Bis zum Höhepunkt (Karl
erneuert seinen Schwur) laufen zwei Handlungen nebeneinander (Karl - Franz),
dann aber entwickelt sie sich einheitlich und folgerichtig bis zur Katastrophe.
Karl Moor
ist das Kraftgenie in seinem maßlosen Freiheitsdrang. Er ist in seinem Inneren
zerfallen. Die Läuterung kommt ihm aus der Erkenntnis einer höheren Ordnung.

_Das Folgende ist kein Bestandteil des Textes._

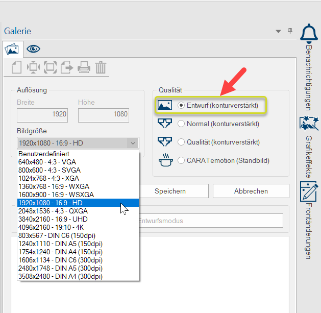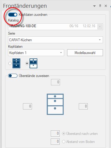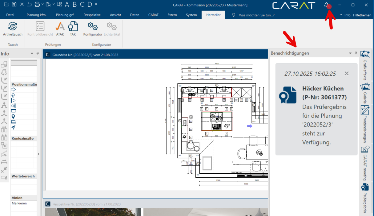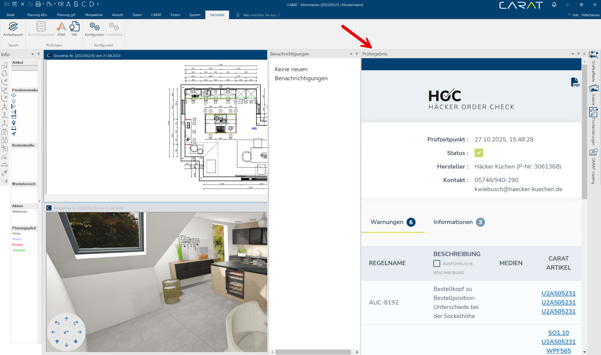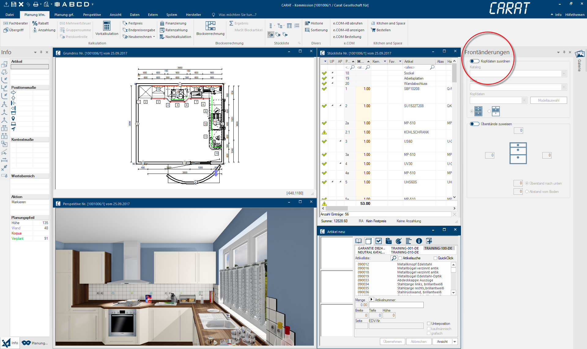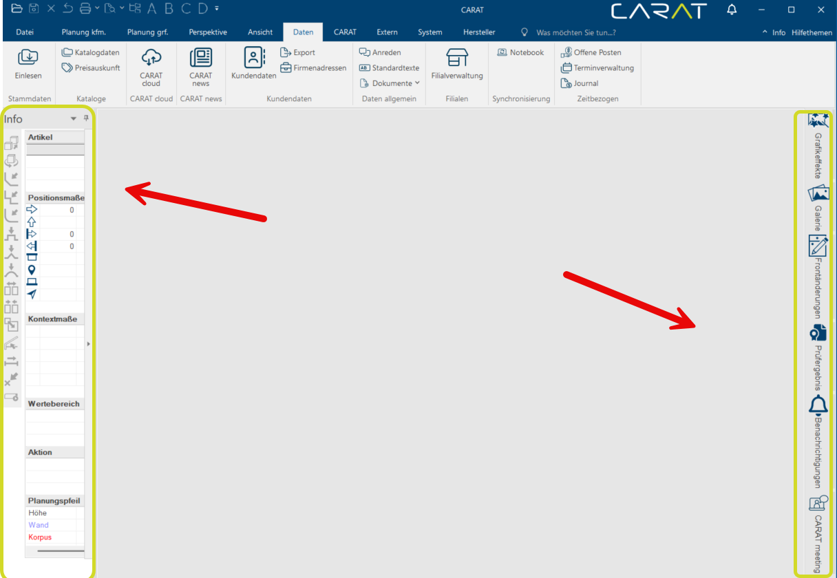 Une fois CARAT ouvert, les zones fonctionnelles, appelées barres latérales ancrables, s'affichent. Il s'agit des barres latérales Info, Valeurs de planification, Galerie, Modifications de façade, Effets graphiques, Notifications et Résultats de contrôle.

Seine Taten sind „Robin Hood-Ähnlich“, seine Handlungsweise anarchistisch. Er
beendet seine Untaten aus persönlichen Motiven, wodurch aber nicht unbedingt
ein Misslingen der Anarchie abzuleiten ist. Seine Revolte endet durch die Liebe
zum Vater und zu Amalia, die „Revolution“ scheitert grundsätzlich nicht.
Franz Moor
wird faszinierend scharf gezeichnet. Er ist ein Mensch, der ohne Glauben an
eine höhere Ordnung keinen Unterschied zwischen Mensch und Tier erkennt und
daher gilt für ihn folgerichtig des Gesetz des Stärkeren, dem er in seinen
Handlungen folgt: „...der Mensch entstehet aus Morast, und watet eine Weile im
Morast, und macht Morast, bis er zuletzt an den Schuhen seines Urenkels
unflätig anklebt. Das ist das Ende vom Lied - der morastische Zirkel der
menschlichen Bestimmung“ (4.Akt, 2.Szene). Kurz vor seinem Selbstmord (5.Akt,
1.Szene) sagt er noch: „Ich kann nicht beten - hier hier! (auf Brust und Stirn
schlagend) alles so öd - so verdorret. Nein ich will auch nicht beten - diesen
Sieg soll der Himmel nicht haben, diesen Spott mir nicht antun die Hölle -“.
Amalia und
Maximilian,
der alte Moor sind nicht durchgezeichnet und daher schwach im
Ausdruck.
Interessant ist, dass
Schillers erster Lehrer in Lorch ein Pastor Moser war, dieser Name auch hier in
den Räubern vorkommt (Beichtvater Franz´).